### Task directions
Your output must consist of the records printed verbatim, with the pictures excluded.

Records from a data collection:
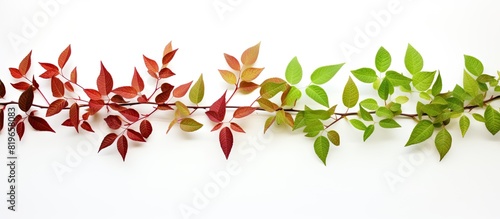 Isolated red and green leaves on a white background with copy space image
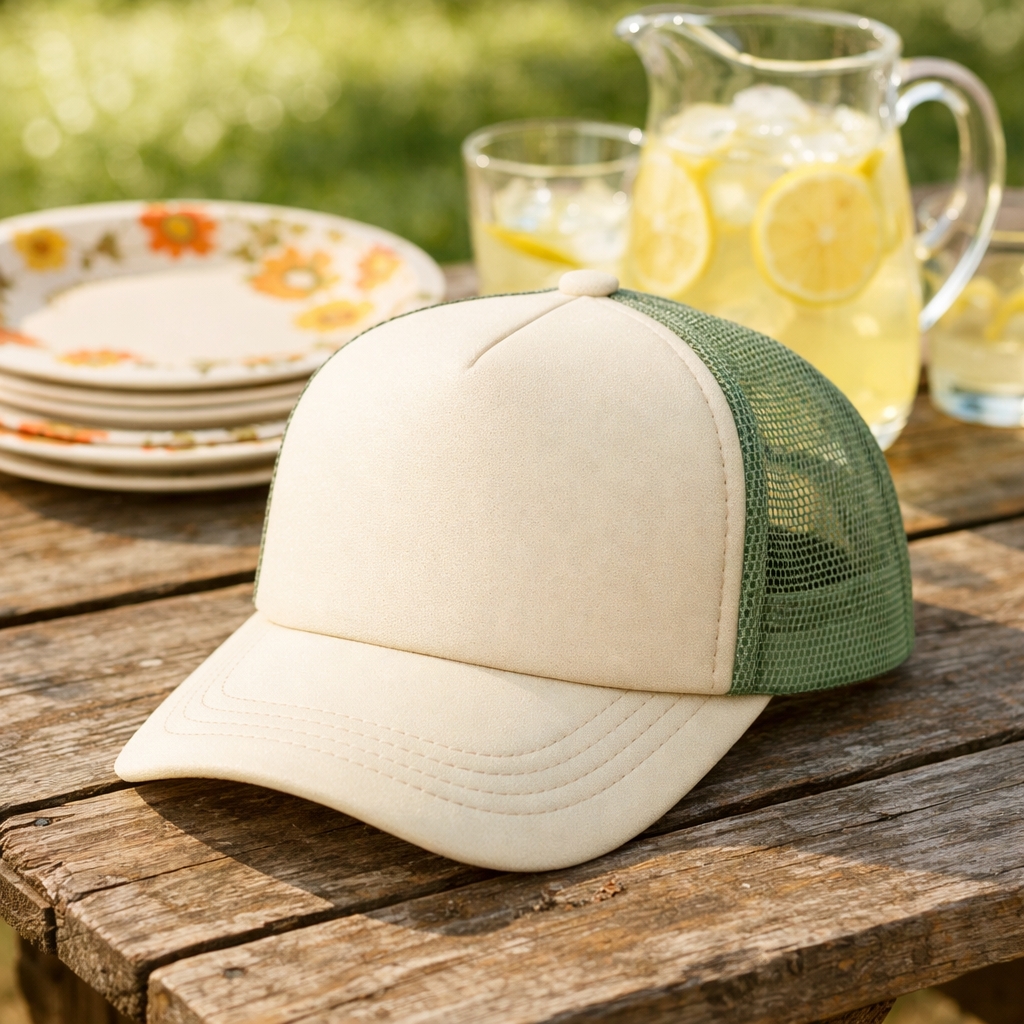 Off-White Baseball Cap and Picnic Scene Mockup
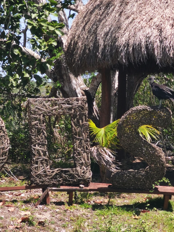 large, woven wicker structure that appears to be the letters "U" and "S" in front of a thatched-roof hut in Unidad de Riego, Mexico. The structure is made of natural branches woven together. A single black bird is perched on the "S" and a small palm tree is growing near the bottom of the "U." There is a wooden bench in front of the structure and dense foliage fills the background. The scene appears to be in a secluded, outdoor area.
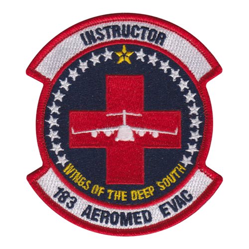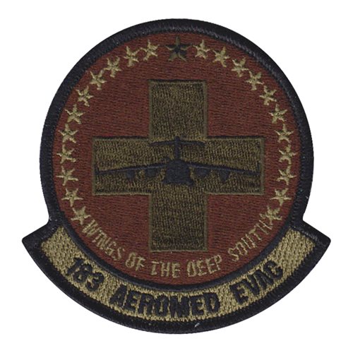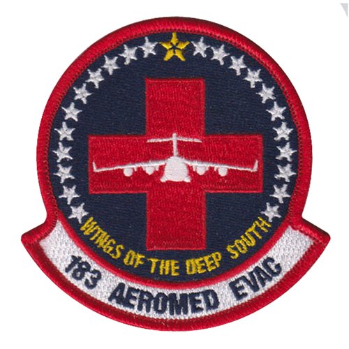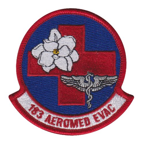 Custom patches for the 183rd Aeromedical Evacuation Squadron at Air National Guard, Mississippi. Our 183 AES patches are 100% embroidered with Velcro backing.
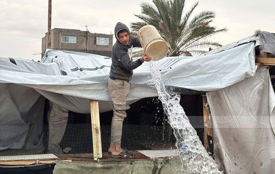 ونقلت وكالة الأنباء الأوروبية مشاهد مؤلمة لمعاناة النازحين داخل الخيام، مع تعرض قطاع غزة لمنخفض جوي شديد أدى إلى هطول أمطار غزيرة وحدوث فيضانات عارمة اجتاحت خيام الإيواء المؤقت، في القطاع المحاصر منذ أكثر من عامين.
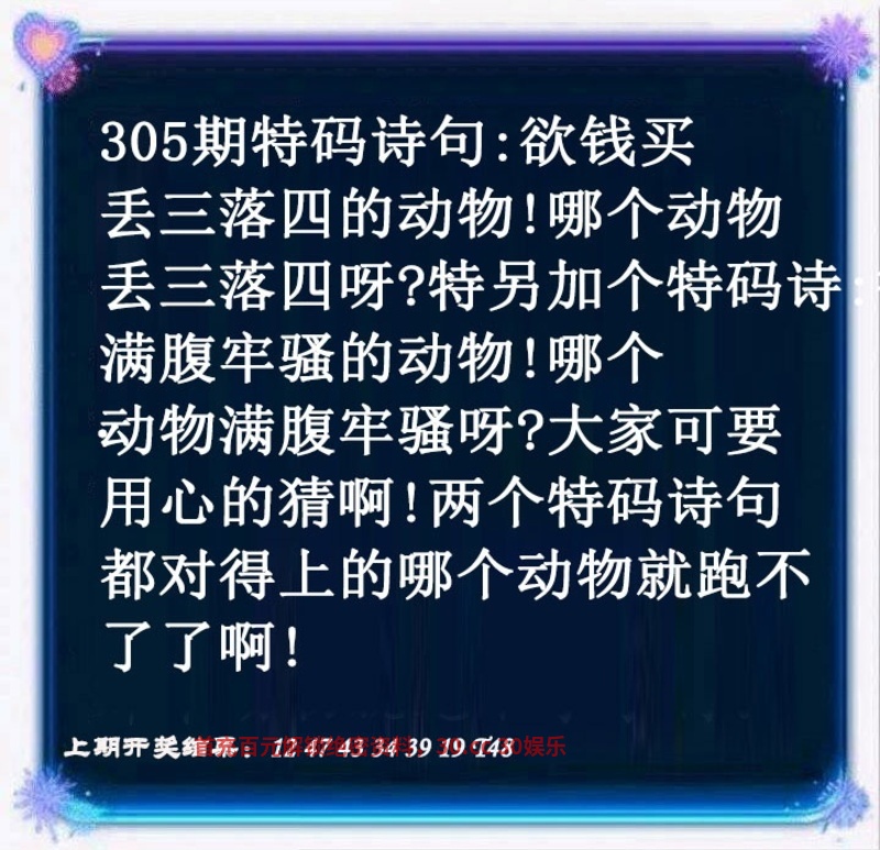 305期 欲钱买丢三落四的动物 解释:丢三落四解:牛鼠鸡马 欲钱买满腹牢骚的动物 解释:满腹牢骚解:兔羊狗 七肖:兔羊狗牛鼠鸡马 |

### Solution below
 Isolated red and green leaves on a white background with copy space image
 Off-White Baseball Cap and Picnic Scene Mockup
 large, woven wicker structure that appears to be the letters "U" and "S" in front of a thatched-roof hut in Unidad de Riego, Mexico. The structure is made of natural branches woven together. A single black bird is perched on the "S" and a small palm tree is growing near the bottom of the "U." There is a wooden bench in front of the structure and dense foliage fills the background. The scene appears to be in a secluded, outdoor area.
 Custom patches for the 183rd Aeromedical Evacuation Squadron at Air National Guard, Mississippi. Our 183 AES patches are 100% embroidered with Velcro backing.
 ونقلت وكالة الأنباء الأوروبية مشاهد مؤلمة لمعاناة النازحين داخل الخيام، مع تعرض قطاع غزة لمنخفض جوي شديد أدى إلى هطول أمطار غزيرة وحدوث فيضانات عارمة اجتاحت خيام الإيواء المؤقت، في القطاع المحاصر منذ أكثر من عامين.
 305期 欲钱买丢三落四的动物 解释:丢三落四解:牛鼠鸡马 欲钱买满腹牢骚的动物 解释:满腹牢骚解:兔羊狗 七肖:兔羊狗牛鼠鸡马 |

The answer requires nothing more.